■ **GIVEN RECORDS**:

=====

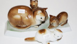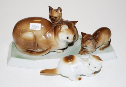 including one with a cat and 2 kittens, the other a kitten, width 20cm approx (widest) -
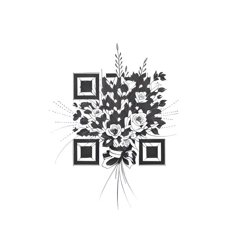 A beautiful floral composition, featuring a bouquet of roses and lilies tied together with a delicate bow. This artistic QR code tattoo symbolizes love, beauty, and purity, with the roses representing passion and the lilies symbolizing devotion. The QR code is cleverly incorporated into the design, adding a modern twist to the classic floral elements.
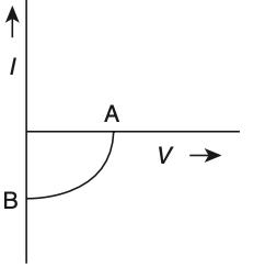 To solve this problem, we need to analyze the V-I characteristic graph provided.The graph shows a curve starting from point B on the current axis and reaching point A on the voltage axis.Let's interpret the graph:• Point A is on the voltage axis, indicating zero current. This is the open circuit voltage.• Point B is on the current axis, indicating zero voltage. This is the short circuit current.Now, let's evaluate the options:Option 1: It is V-I characteristic for a solar cell where, point A represents open circuit voltage and point B short circuit current.
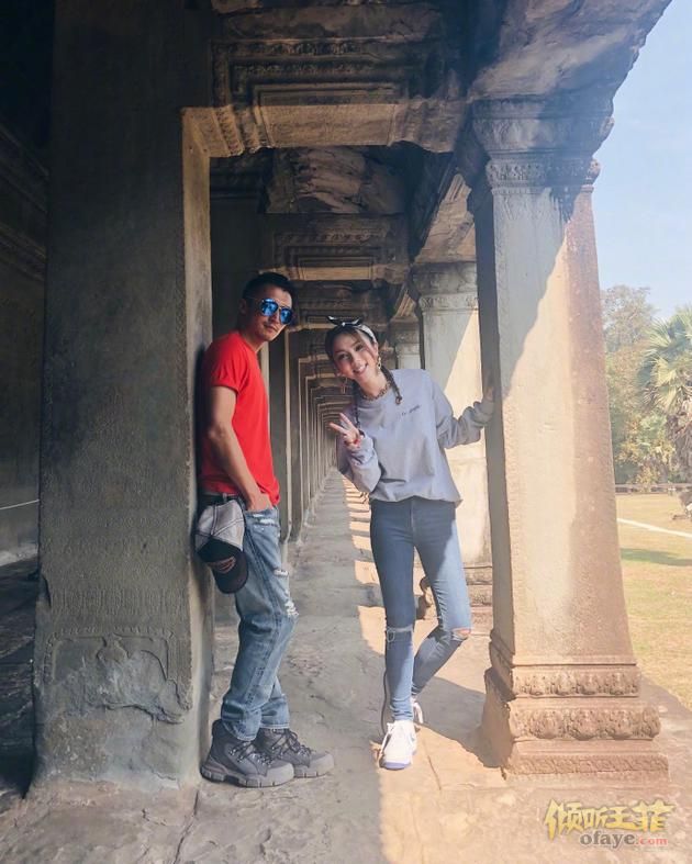身处国外,两人一左一右靠在柱子旁,笑容开心。
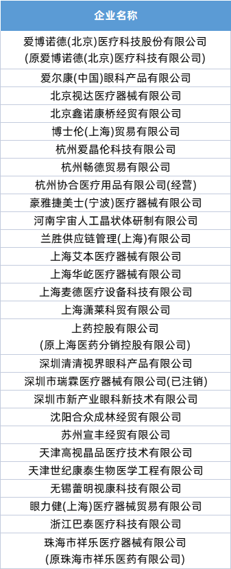 在暂停产品挂网的27家企业中,爱博诺德、视达医疗、鑫诺康桥、新产业等国内眼科企业占大多数;爱尔康、博士伦等少数知名外企也在其中。
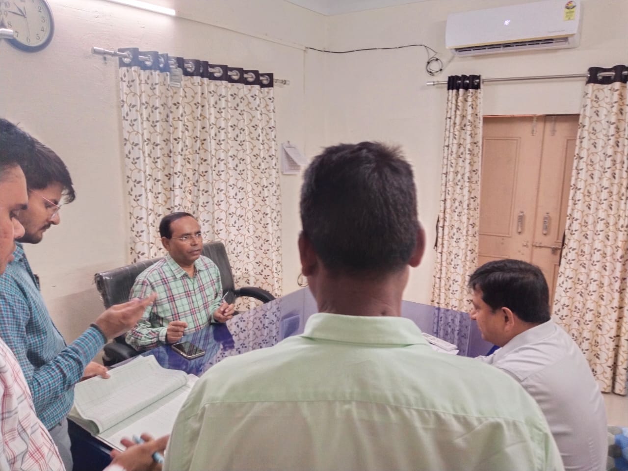 पीएचईडी कार्यालय में गंदगी पाई जाने पर ज़िला कलेक्टर ने जताई नाराज़गी , स्वच्छता सुनिश्चित करने के दिए निर्देश 24 न्यूज अपडेट शाहपुरा . शाहपुरा ज़िले में कार्यालय निर्धारित समय से पहुँचने के अनुशासन को सुनिश्चित करने के उद्देश्य से सोमवार को ज़िला कलेक्टर राजेंद्र सिंह शेखावत ने ज़िले में संचालित हो रहे विभिन्न सरकारी कार्यालयों का औचक निरीक्षण किया |ज़िला कलेक्टर शेखावत द्वारा ज़िले के पीएचईडी कार्यालय तथा ए.वि.एन.एल कार्यालय का आकस्मिक निरीक्षण किया गया निरीक्षण के दौरान ज़िला कलेक्टर शेखावत ने पीएचईडी तथा एविएनएल कार्यालय के प्रत्येक सेक्शन की कार्यप्रणाली का मुआइना किया तथा सभी लंबित प्रकरणों के समयबद्ध रूप से निस्तारण करने के लिए संबंधित अधिकारियो तथा कर्मचारियो को निर्देशित किया |शेखावत ने पीएचईडी कार्यालय के प्रांगण में साफ़सफ़ाई दुरुस्त ना पाए जाने पर नाराज़गी जताते हुए वहाँ मौजूद अधिकारियो तथा कर्मचारियो को कार्यालय में व्यवस्थित रूप से साफ़ सफ़ाई सुनिश्चित करने के निर्देश दिये |ज़िला कलेक्टर शेखावत ने बताया की कार्य संचालन में समयबद्धता के अनुशासन को सुनिश्चित करने के लिए प्रशासन द्वारा इस प्रकार के आकस्मिक निरीक्षण भविष्य में भी किए जाएँगे तथा लगातार अधिकारियो एवं कर्मचारियों द्वारा कार्यालय समय पर कार्यालय में अनुपस्थित पाये जाने तथा कार्यालयों में व्यवस्थित साफ़ सफ़ाई सुनिश्चित ना करने पर सख़्त कार्रेवाई की जाएगी Share this: Share on X (Opens in new window) X Share on Facebook (Opens in new window) Facebook More Email a link to a friend (Opens in new window) Email Share on WhatsApp (Opens in new window) WhatsApp Like this:Like Loading... Related Discover more from 24 News Update Subscribe to get the latest posts sent to your email. Type your email… Subscribe Post navigation गंगु कुंड परिसर में 26 लाख रूपये के निर्माण कार्य का हुआ शुभारंभ निपाह वायरस को लेकर राजस्थान के सभी मेडिकल कॉलेज को भेजा अलर्ट, केरल से आने वाले यात्रियों के लिए भी टूरिस्ट अलर्ट
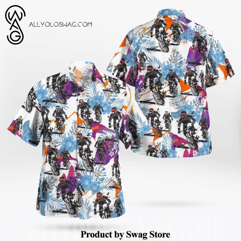 Hawaiian Shirt [Top-selling] Mountain Biking All Over Print Flowery Aloha Summer Beach Hawaiian Shirt – White
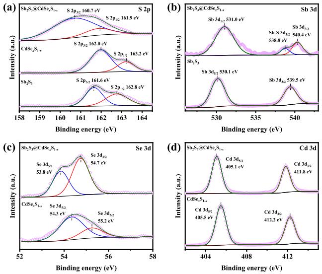 圖2 (a) S 2p,(b) Sb 3d,(c) Se 3d和(d) Cd 3d的高分辨率XPS光譜,分別對應(yīng)于Sb2S3、CdSexS1-x和Sb2S3@CdSexS1-x光電極。
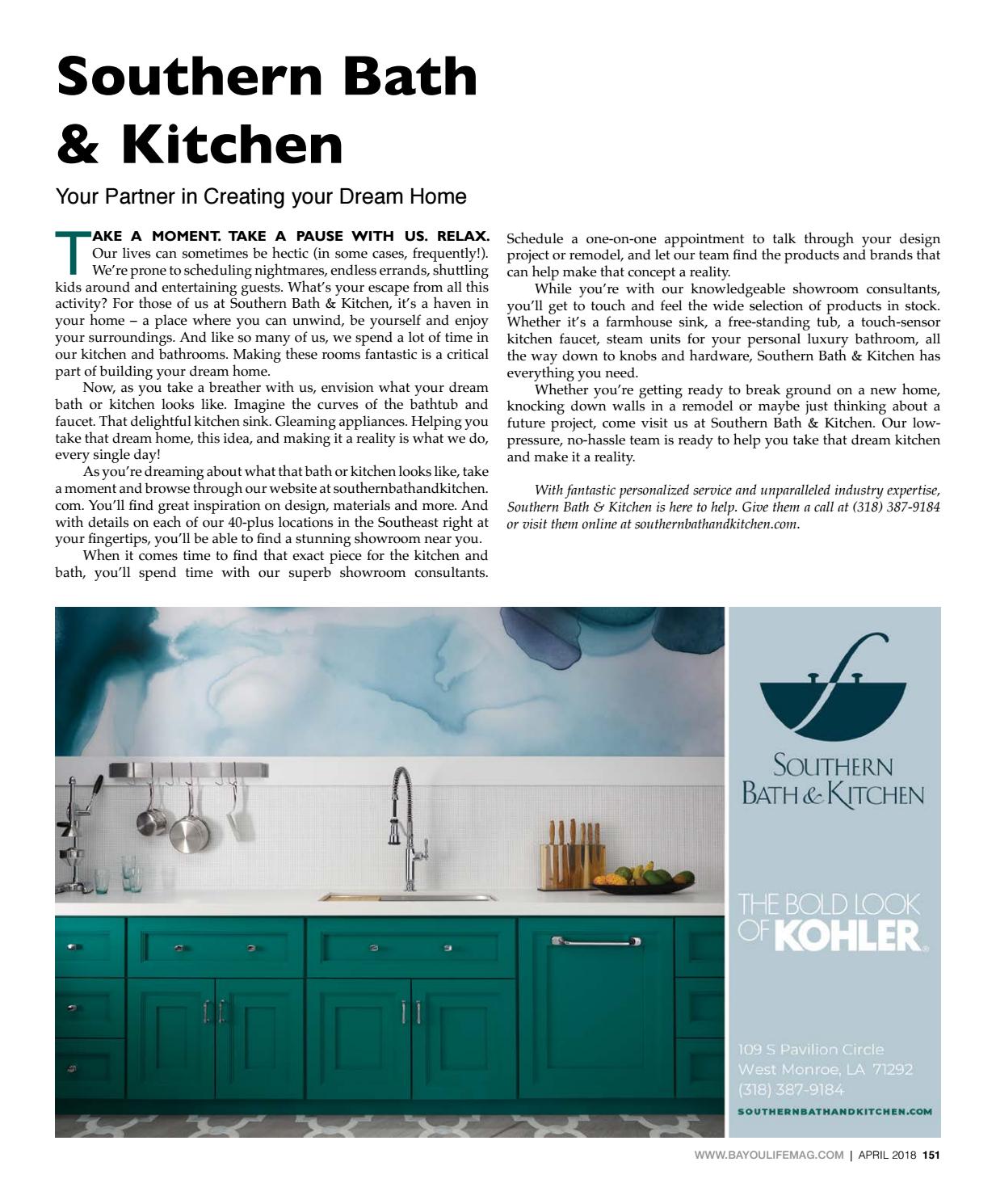 Immerse yourself in elegant lifestyles at any of our southern bath & kitchen. Adventures in decorating, thrifting, cooking, fashion & gardening. We carefully select distinctive products from manufacturers around the world, including premium cabinetry, countertops, appliances, showers, tubs, faucets and sinks.

=====

■ **PROBLEM STATEMENT**: Your task is to retype the records above in full and exactly, omitting the pictures.

■ **ANSWER FOR THIS EXERCISE**:
 including one with a cat and 2 kittens, the other a kitten, width 20cm approx (widest) -
 A beautiful floral composition, featuring a bouquet of roses and lilies tied together with a delicate bow. This artistic QR code tattoo symbolizes love, beauty, and purity, with the roses representing passion and the lilies symbolizing devotion. The QR code is cleverly incorporated into the design, adding a modern twist to the classic floral elements.
 To solve this problem, we need to analyze the V-I characteristic graph provided.The graph shows a curve starting from point B on the current axis and reaching point A on the voltage axis.Let's interpret the graph:• Point A is on the voltage axis, indicating zero current. This is the open circuit voltage.• Point B is on the current axis, indicating zero voltage. This is the short circuit current.Now, let's evaluate the options:Option 1: It is V-I characteristic for a solar cell where, point A represents open circuit voltage and point B short circuit current.
身处国外,两人一左一右靠在柱子旁,笑容开心。
 在暂停产品挂网的27家企业中,爱博诺德、视达医疗、鑫诺康桥、新产业等国内眼科企业占大多数;爱尔康、博士伦等少数知名外企也在其中。
 पीएचईडी कार्यालय में गंदगी पाई जाने पर ज़िला कलेक्टर ने जताई नाराज़गी , स्वच्छता सुनिश्चित करने के दिए निर्देश 24 न्यूज अपडेट शाहपुरा . शाहपुरा ज़िले में कार्यालय निर्धारित समय से पहुँचने के अनुशासन को सुनिश्चित करने के उद्देश्य से सोमवार को ज़िला कलेक्टर राजेंद्र सिंह शेखावत ने ज़िले में संचालित हो रहे विभिन्न सरकारी कार्यालयों का औचक निरीक्षण किया |ज़िला कलेक्टर शेखावत द्वारा ज़िले के पीएचईडी कार्यालय तथा ए.वि.एन.एल कार्यालय का आकस्मिक निरीक्षण किया गया निरीक्षण के दौरान ज़िला कलेक्टर शेखावत ने पीएचईडी तथा एविएनएल कार्यालय के प्रत्येक सेक्शन की कार्यप्रणाली का मुआइना किया तथा सभी लंबित प्रकरणों के समयबद्ध रूप से निस्तारण करने के लिए संबंधित अधिकारियो तथा कर्मचारियो को निर्देशित किया |शेखावत ने पीएचईडी कार्यालय के प्रांगण में साफ़सफ़ाई दुरुस्त ना पाए जाने पर नाराज़गी जताते हुए वहाँ मौजूद अधिकारियो तथा कर्मचारियो को कार्यालय में व्यवस्थित रूप से साफ़ सफ़ाई सुनिश्चित करने के निर्देश दिये |ज़िला कलेक्टर शेखावत ने बताया की कार्य संचालन में समयबद्धता के अनुशासन को सुनिश्चित करने के लिए प्रशासन द्वारा इस प्रकार के आकस्मिक निरीक्षण भविष्य में भी किए जाएँगे तथा लगातार अधिकारियो एवं कर्मचारियों द्वारा कार्यालय समय पर कार्यालय में अनुपस्थित पाये जाने तथा कार्यालयों में व्यवस्थित साफ़ सफ़ाई सुनिश्चित ना करने पर सख़्त कार्रेवाई की जाएगी Share this: Share on X (Opens in new window) X Share on Facebook (Opens in new window) Facebook More Email a link to a friend (Opens in new window) Email Share on WhatsApp (Opens in new window) WhatsApp Like this:Like Loading... Related Discover more from 24 News Update Subscribe to get the latest posts sent to your email. Type your email… Subscribe Post navigation गंगु कुंड परिसर में 26 लाख रूपये के निर्माण कार्य का हुआ शुभारंभ निपाह वायरस को लेकर राजस्थान के सभी मेडिकल कॉलेज को भेजा अलर्ट, केरल से आने वाले यात्रियों के लिए भी टूरिस्ट अलर्ट
 Hawaiian Shirt [Top-selling] Mountain Biking All Over Print Flowery Aloha Summer Beach Hawaiian Shirt – White
 圖2 (a) S 2p,(b) Sb 3d,(c) Se 3d和(d) Cd 3d的高分辨率XPS光譜,分別對應(yīng)于Sb2S3、CdSexS1-x和Sb2S3@CdSexS1-x光電極。
 Immerse yourself in elegant lifestyles at any of our southern bath & kitchen. Adventures in decorating, thrifting, cooking, fashion & gardening. We carefully select distinctive products from manufacturers around the world, including premium cabinetry, countertops, appliances, showers, tubs, faucets and sinks.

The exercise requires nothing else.